--> Skip to main content


Bishnoi Samaj and Black Buck

Black Buck is held sacred by the Bishnoi Samaj in Rajasthan. Bishnois give prime importance to nature and they never cut trees or kill animals. Guru Jamboji in 1485 established the Samaj. Bishnois worship blackbucks as an incarnation of Jamboji and other ancestors.

Wisdom of Jhambaji is represented in 29 precepts which are proscriptions stating how people should live, e.g., against using intoxicants or eating meat. The rules include a reverence for all living things that even forbids the breaking of a twig of Khejri tree.


Before leaving his physical body, Guru Jamboji had asked his followers to revere Black Buck as His manifestation. The belief continues and killing a Black Buck is a sin.

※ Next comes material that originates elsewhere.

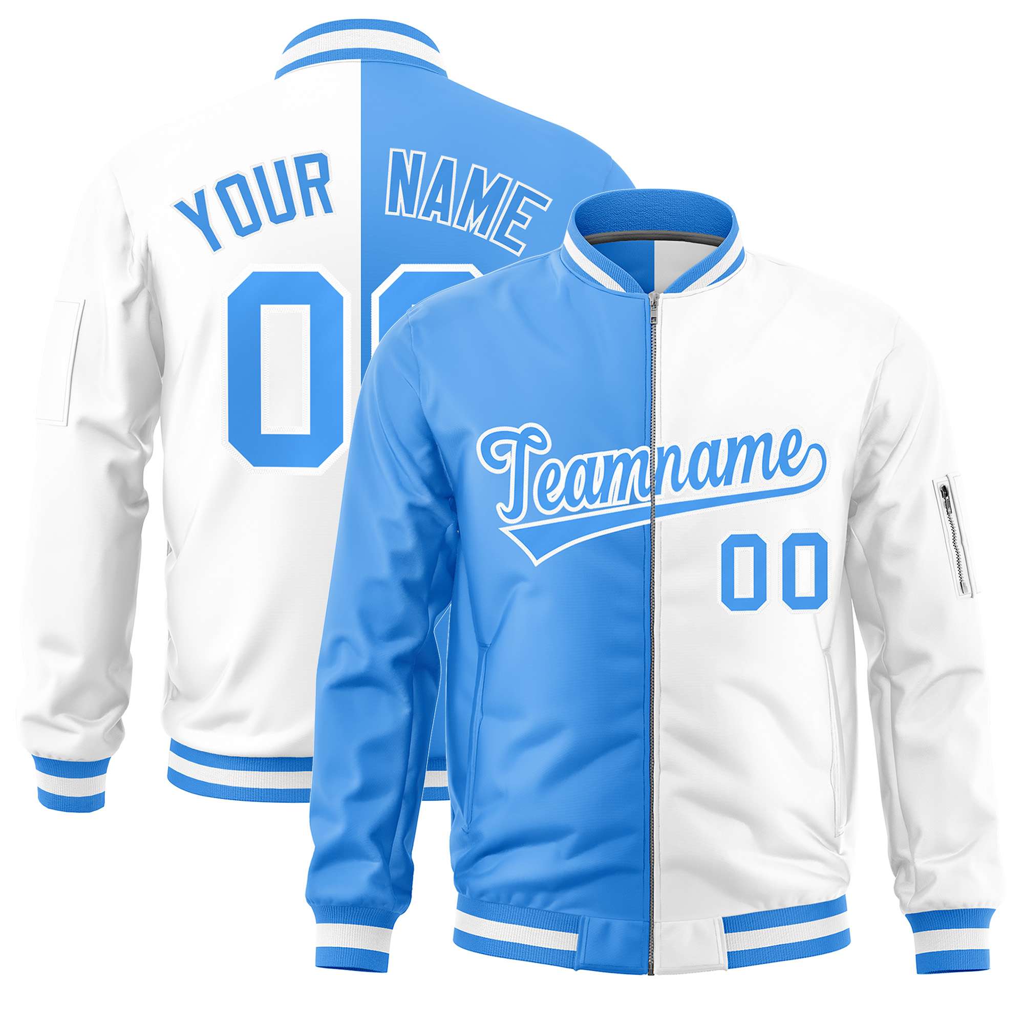 Custom Powder Blue White Split Varsity Full-Zip Two Tone Letterman Bomber Jacket

Khejri Tree is the staple food of Black Buck and there are numerous incidents mentioned in the history when men and women of the Bishnoi community laid their lives to save Khejri trees from being cleared.

Bishnois share their crops with wild animals and orphaned black buck fawns are brought up by Bishnoi women as their own child.


To a Bishnoi, the black-buck, any black-buck, represents one of his ancestors and as such, is an object of veneration. It will be no exaggeration to say that but for the aggressive protection afforded by the Bishnois to this beautiful antelope species, it would have vanished from the desert scene.